In addressing § 1502.22, the Service noted that historical data tracking changes in the volume of recreational use within the study area could not be obtained, but concluded that such data were not necessary in any event. This conclusion was apparently based on the Service's faulty determination that it was not obligated to maintain the study area's 1977 wilderness character, including 1977 opportunities for solitude, for the benefit of current users. The FEIS stated:
Historic recreation use data specifically for the [study area] is not available, nor is it possible to acquire such data at the present time.
1502.22(b)(2) directs the Agency to provide a statement of relevance of the incomplete or unavailable information to evaluating reasonably foreseeable significant adverse effects on the human environment.
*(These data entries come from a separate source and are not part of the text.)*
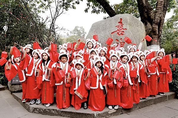 今年武侯祠成都大廟會的“小喜神”多達55名,並分為“福星小喜神”“國際小喜神”“鴻運小喜神”三大類別。作為傳統年味的國際范兒擔當,成都武侯祠博物館專門推出英語、法語、德語、俄語、西班牙語、泰語等多語種招募短視頻,並通過全球30多家國際知名網站面向全球開啟招募。最終,中葡混血的丫米、中法混血的Jason、中國巴基斯坦混血的先愛莎、先愛華姐弟倆以及中葡混血的Tici入選今年的“國際小喜神”。
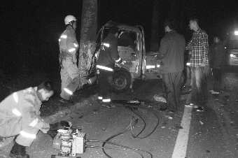 本报9月25日讯(通讯员 王磊 记者 鞠平) 9月23日凌晨,招远一辆农用黑豹汽车撞上路边大树,车头严重变形卡在树上,车内两人被困。经过20多分钟的努力,招远消防中队将他们成功救出。
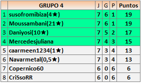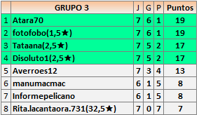 Deja un comentarioEn está página se irán publicando los resultados de las diferentes partidas, siendo ambos jugadores responsables de subirlos o de comprobar que ya hayan sido publicados insertando un COMENTARIO en la parte inferior de la pantalla (opción “Deja tu comentario”), indicando el nombre de los dos jugadores y los puntos obtenidos en la partida.
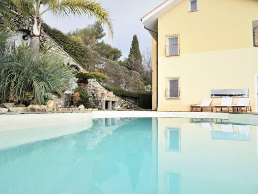 In wunderbarer Südlage schaut dieses elegante Landhaus-Anwesen auf die faszinierende Szenerie des ligurischen Hinterlandes und das am Horizont glitzernde Mittelmeer. Nur circa 1,5 km sind es auf eine...
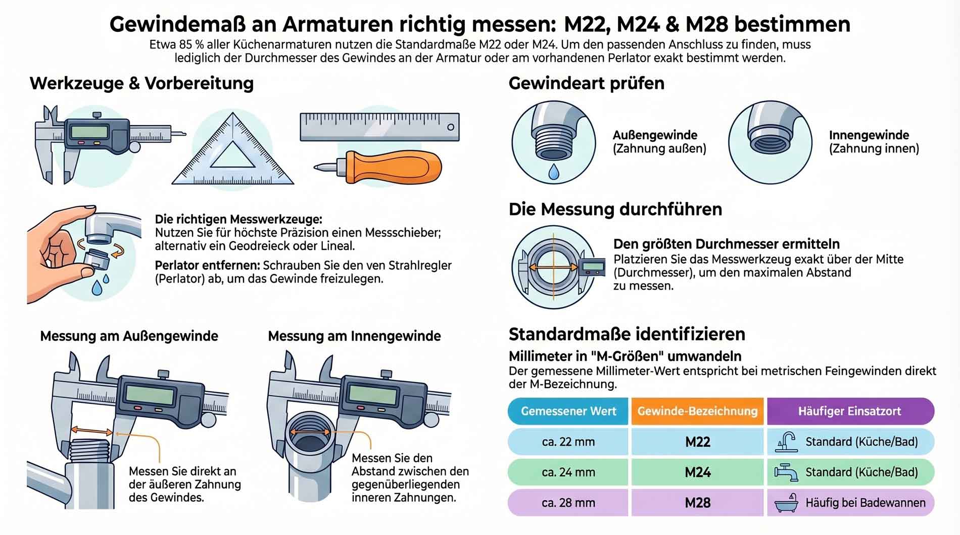 Dusch-Anschlüsse sind weltweit auf 1/2-Zoll genormt, doch Wasserhähne haben unterschiedliche Gewindemaße. Während in Deutschland das M22-Außengewinde oder das M24-Innengewinde bei Standard-Armaturen weit verbreitet sind, nutzen moderne Design-Armaturen oft kleinere oder versteckte Gewinde (Caché-Perlatoren). Ein Legionellenfilter benötigt jedoch einen festen, dichten Sitz, um die Membranen vor Verunreinigungen zu schützen und den Druck auszuhalten.
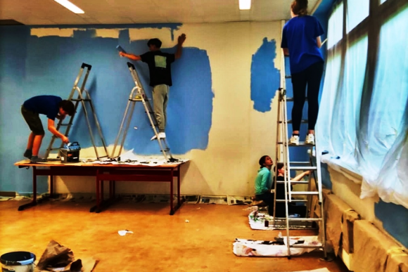 Nach den Herbstferien war die Verwunderung bei vielen Schülern und Lehrern groß. Die B39 hatte sich in den Ferien zu einem freundlichen, einladenden Raum verwandelt. Doch nicht die Heinzelmännchen waren am Werk, sondern die Klasse 8b. Die Schüler fingen am letzten Schultag direkt nach dem Unterricht an, den Raum auszuräumen und Fenster, Steckdosen sowie Tafeln abzukleben. Sogar einige schmutzige Deckenplatten wurden herausgenommen, um sie neu zu streichen. An zwei weiteren Ferientagen traf sich eine Schülergruppe zum Streichen der Wände und anschließenden Detailgestaltung, wie ein Karomuster über der Waschecke und Wandstreifen zwischen den Blautönen. Natürlich lief nicht alles glatt – mal war die Leiter zu kurz, die Farbe deckte nicht beim ersten Mal und Malerkrepp hielt nicht. Aber die Schüler ließen sich nicht beirren und zogen ihren Traum vom neuen Klassenzimmer durch.
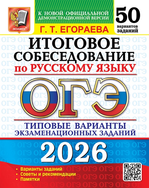 Егораева Г.Т. ОГЭ 2026. 50 ТВЭЗ. РУССКИЙ ЯЗЫК. ИТОГОВОЕ СОБЕСЕДОВАНИЕ. 50 ВАРИАНТОВ. ТИПОВЫЕ ВАРИАНТЫ ЭКЗАМЕНАЦИОН

Changes in recreation use have certainly occurred within the [study area] since 1977 . . . . However, the volume of recreation use was not a component the original WARS evaluations of these areas were conducted relative to opportunities for solitude. [sic] Rather the WARS analysis required consideration of the physical parameters of the area. Size, distance from roads, topographic and vegetative screening were the primary factors used to evaluate opportunities for solitude. Thus - discrete data that tracks changes in the volume of use over time are not necessary for evaluating the effects of proposed travel plan changes relative to [study area] physical characteristics that provide opportunities for solitude.
 This discussion does not satisfy the requirements of § 1502.22. As we have explained, the historical increase in volume of use is relevant to the Study Act analysis, contrary to the Service's reasoning. We accept the parties' agreement that if historical volume of use data are relevant to the Study Act analysis, they are also relevant for purposes of NEPA analysis, and thus are "relevant to reasonably foreseeable significant adverse impacts" under § 1502.22. We therefore hold that the Service incorrectly determined that historical volume of use data are irrelevant for § 1502.22 purposes.
We do not agree with the Service that this error was harmless. See 5 U.S.C. § 706 (directing that, in the course of judicial review of agency action, "due account shall be taken of the rule of prejudicial error"). As explained above, the Service's failure to consider the impact of increased use volume on the study area's wilderness character caused it to ignore an important aspect of the problem before it. We cannot conclude that this shortcoming "clearly had no bearing on the procedure used or the substance of [the] decision reached." Riverbend Farms, Inc. v. Madigan, 958 F.2d 1479, 1487 (9th Cir. 1992) (quoting Sagebrush Rebellion, Inc. v. Hodel, 790 F.2d 760, 764-65 (9th Cir. 1986)) (internal quotation marks omitted).*fn6
On remand, the Service must acknowledge the relevance of the missing information and comply with § 1502.22(b)'s instructions for assessing reasonably foreseeable adverse impacts despite gaps in the relevant data.
We hold that the travel plan improperly ignores the impact of increased volume of motorized and mechanized use on current users' ability to seek quiet and solitude in the study area. Because the Service entirely failed to consider this important aspect of its duty to maintain the study area's 1977 wilderness character, its decision is arbitrary and capricious. We affirm judgment in favor of MWA and against the Service and Citizens.